Design for Formulation – Experimental Design

By David Calvert, October 2024

It has been a while since the last post on our approach to Design for Formulation but now we come back to an element that is common to all science projects, namely experimental design.

So, there can be many ways of approaching your design and in many cases you use a combination of these approaches (after all a formulator is not a robot, powered by AI!). We often talk about five approaches but in recent times a sixth has been developed, but more about that later. The first approach (we call it Trial and Error) involves a large amount of risk but is based often on experience in that a formulation worked well in the past and we start from there. This “bottle picking” can be successful but any advances are likely to just be incremental and not revolutionary.

The second approach moves up the scale and again relies upon experience but combines this with some rules of thumb, such as recommendations from a supplier, or an understanding of ingredients having worked previously with a chemically similar active ingredient. The next level of complexity involves Statistical Design of Experiments and this approach has been made much more accessible with software developments. Caution is still required and you should avoid using this as a “black box” and not giving findings some scrutiny. We have worked with clients where the noise from the test method has exceeded the relationship they were claiming. A good statistical design and analysis can help you to reach the global optimum formulation, however, and bring some radical understanding and changes. You can listen to an old webinar with more details on Statistical Design of Experiments on our web-site.

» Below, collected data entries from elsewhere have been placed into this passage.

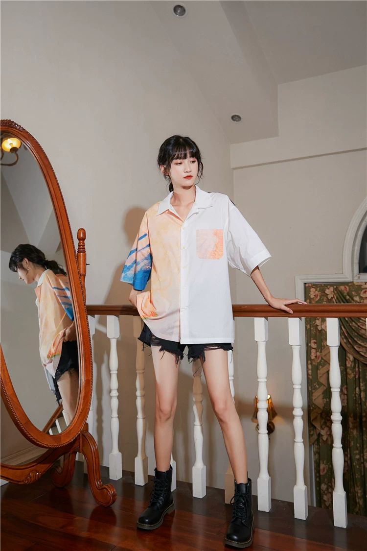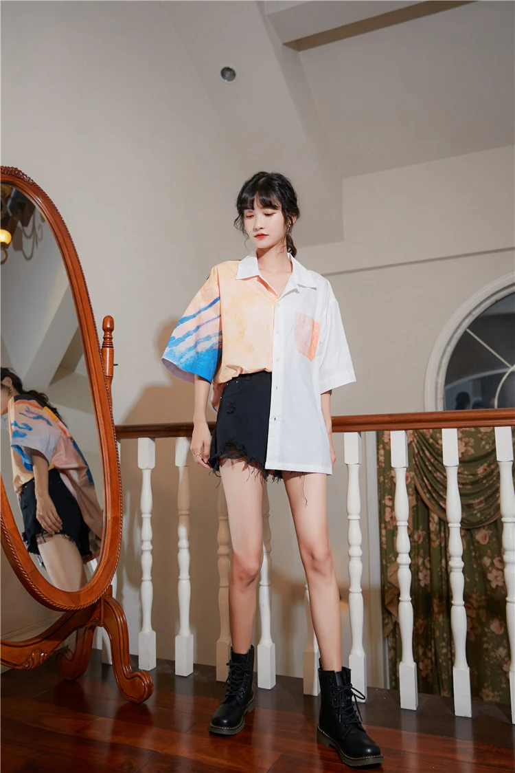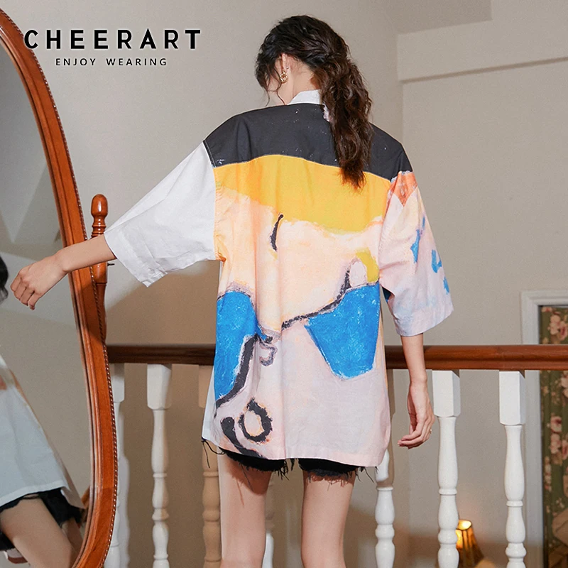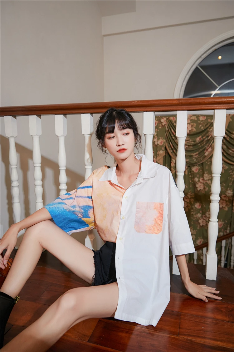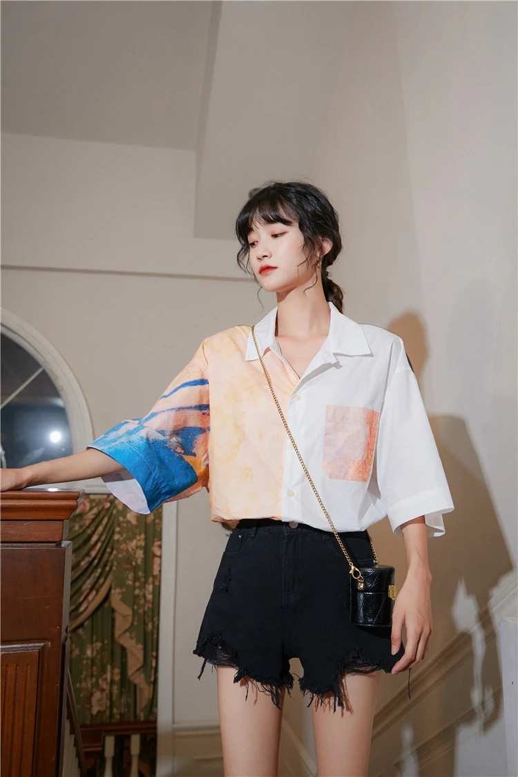 Длинная рубашка CHEERART с цветными блоками, Повседневная летняя рубашка с коротким рукавом и воротником на пуговицах, Женский Топ и блузка, белая рубашка 2020
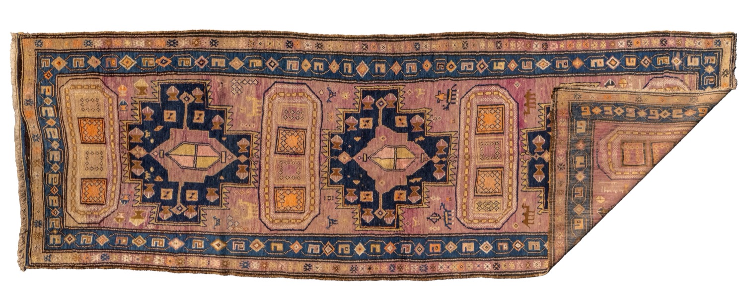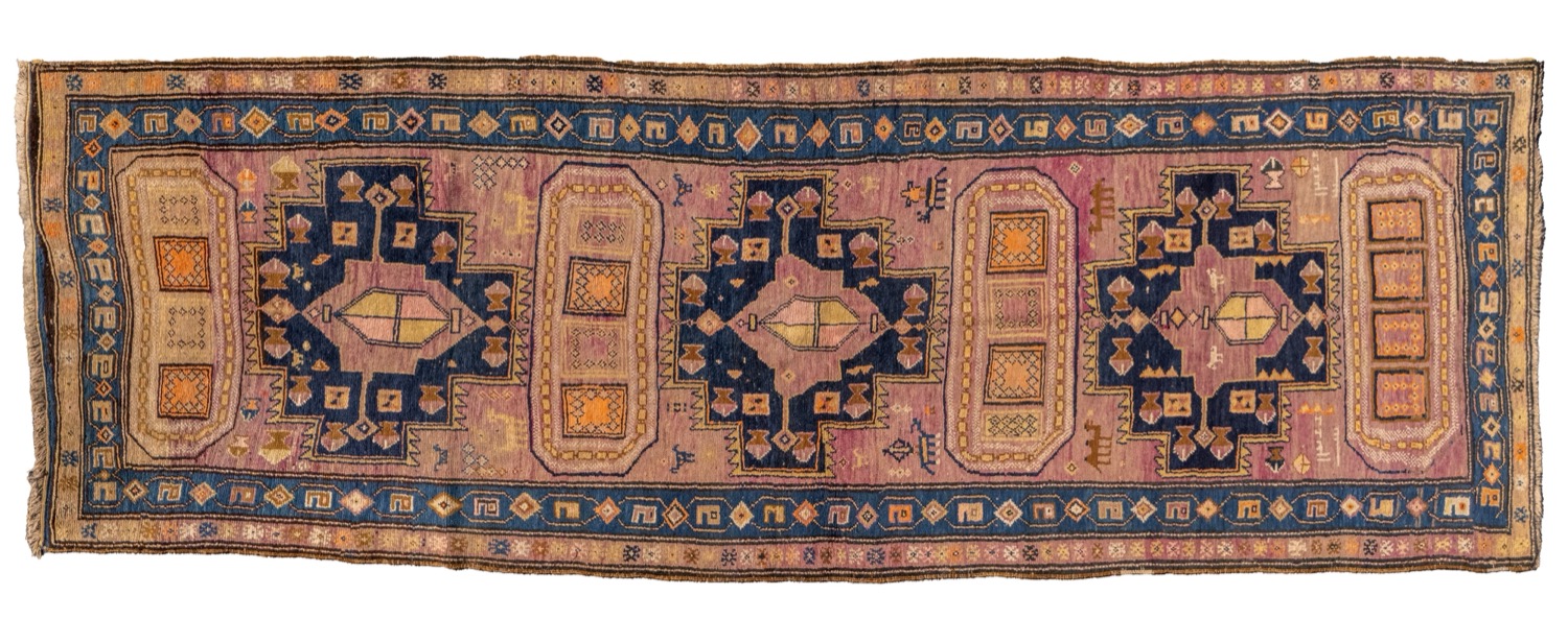 Restauri.fondo rosa con tre gradi medaglioni blu con elementi geometrici interni in giallo e arancio, bordura blu scuro a motivi geometrici stilizzati.
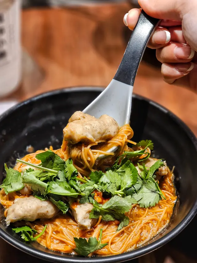 肉羹麵線配上自家炒制香蒜辣椒醬🧄🌶
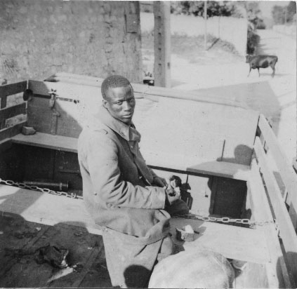 Un tirailleur sénégalais prisonnier, assis à l'arrière d'un camion en route pour les camps de prisonniers allemands, en France en 1940 pendant la Seconde Guerre mondiale.
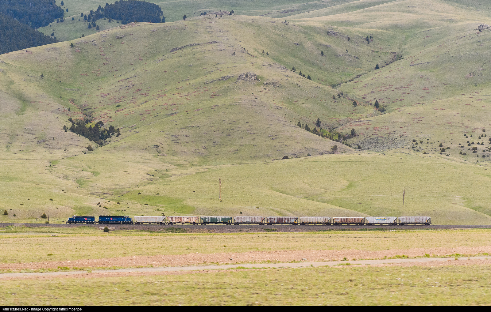 | Dwarfed by the surrounding terrain, Montana Rail Link's Helena Local heads east as it descends Winston Hill outside of Winston, Montana behind a GP9 and SD45. The train is bound for Townsend at the bottom of the hill, where it will work the Graymont Limestone Quarry as well as pick up some ballast cars from the siding in town before heading back towards Helena. |

A modification of the rule of thumb approach is to make use of some theories and models that have tried to rationalise results. This could be the use of Hydrophilic Lipophilic Balance (HLB) to help with choice of surfactant or Stokes Law to improve stability of suspensions and emulsions. Another theory that we have found useful has been Hansen Solubility Parameters (HSP). We have a webinar recording on our web-site which explains more on HSP.

The most complex approach to implement is the use of fully predictive models for formulation. This “in silico” formulation has been investigated most in pharmaceuticals and can be costly although it can lead to the evaluation of more radical formulations.

It is impossible to discuss any topic these days without mentioning the use of artificial intelligence and as we have discussed a number of times, this is being looked at by formulators. An interesting approach using machine learning is being developed by Intellegens and their system can use sparse, noisy data to develop further experiments and optimise formulations. All of course still need the principles we have outlined in previous posts on Design for Formulation such as customer promise, critical attributes and risk assessment.